Task requirements. Please set down only the lines below starting with the line with "Клей для обоев" and going on through the line with "On this project, the", verbatim and without pictures.

Input material.

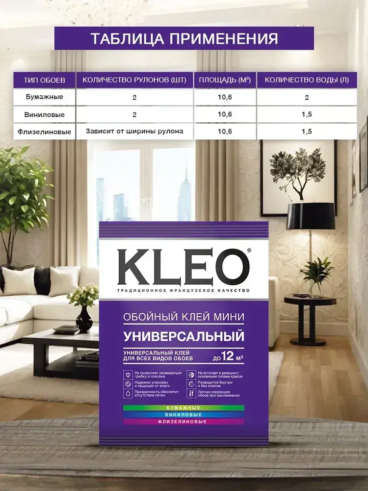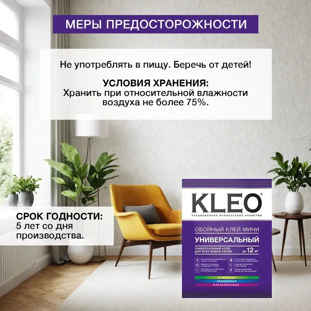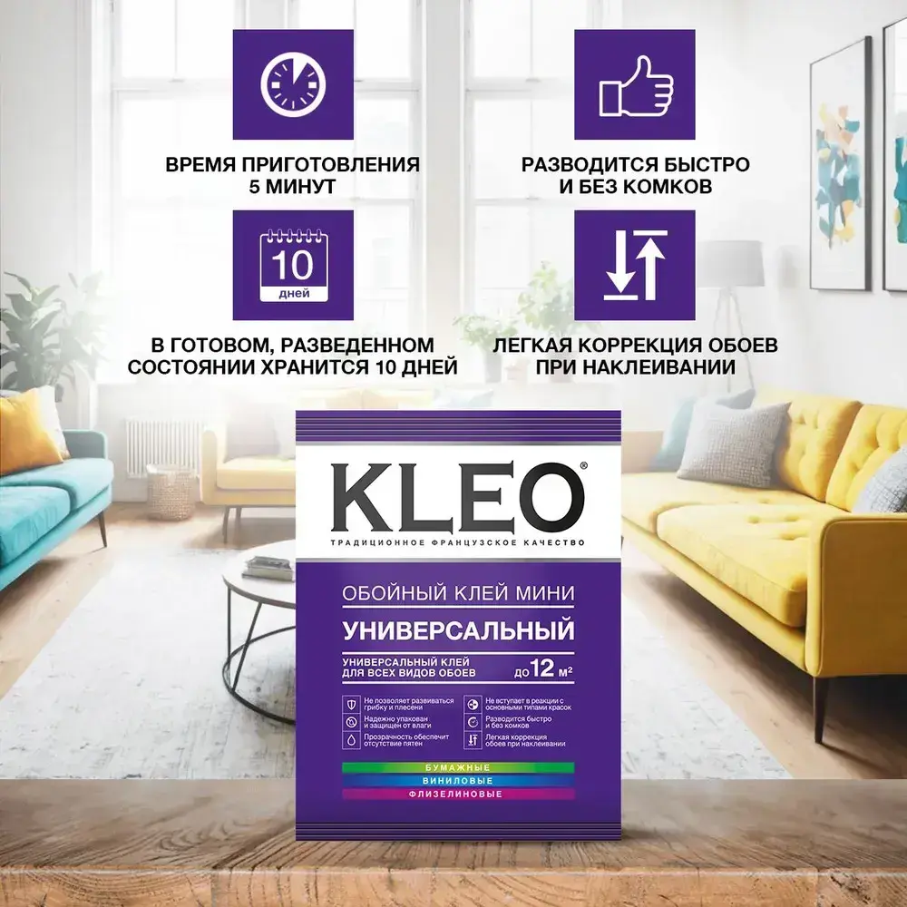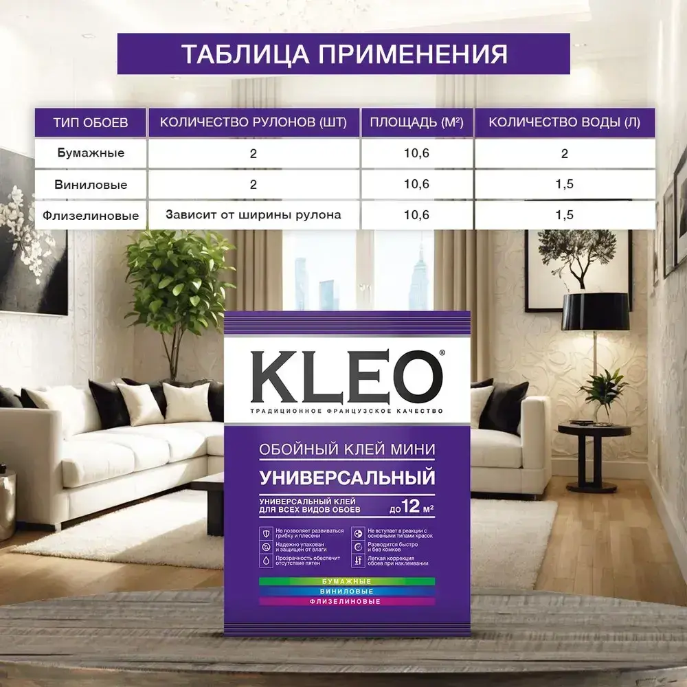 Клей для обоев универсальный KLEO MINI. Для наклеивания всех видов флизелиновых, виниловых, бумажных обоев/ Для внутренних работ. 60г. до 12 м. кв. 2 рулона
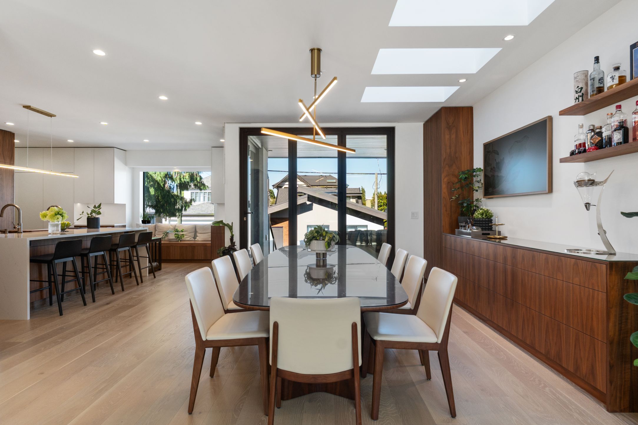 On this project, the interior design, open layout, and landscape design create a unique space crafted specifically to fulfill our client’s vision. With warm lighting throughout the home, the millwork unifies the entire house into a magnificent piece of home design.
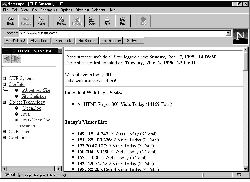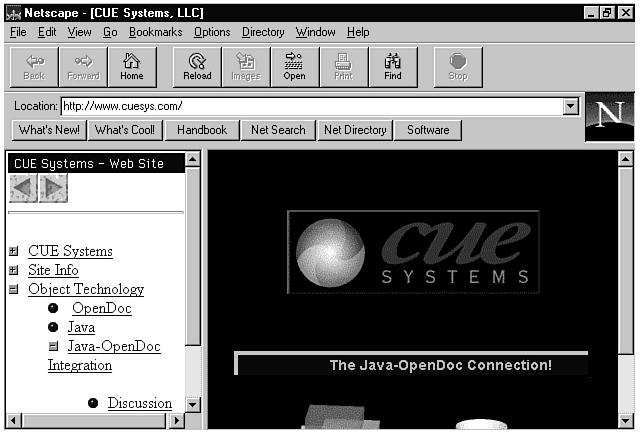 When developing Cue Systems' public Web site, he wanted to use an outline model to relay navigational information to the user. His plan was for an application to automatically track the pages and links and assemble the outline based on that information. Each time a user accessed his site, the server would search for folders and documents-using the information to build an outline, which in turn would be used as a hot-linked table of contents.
--
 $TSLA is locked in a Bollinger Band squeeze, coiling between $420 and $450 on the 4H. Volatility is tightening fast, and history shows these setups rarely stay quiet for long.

Your response.
 Клей для обоев универсальный KLEO MINI. Для наклеивания всех видов флизелиновых, виниловых, бумажных обоев/ Для внутренних работ. 60г. до 12 м. кв. 2 рулона
 On this project, the interior design, open layout, and landscape design create a unique space crafted specifically to fulfill our client’s vision. With warm lighting throughout the home, the millwork unifies the entire house into a magnificent piece of home design.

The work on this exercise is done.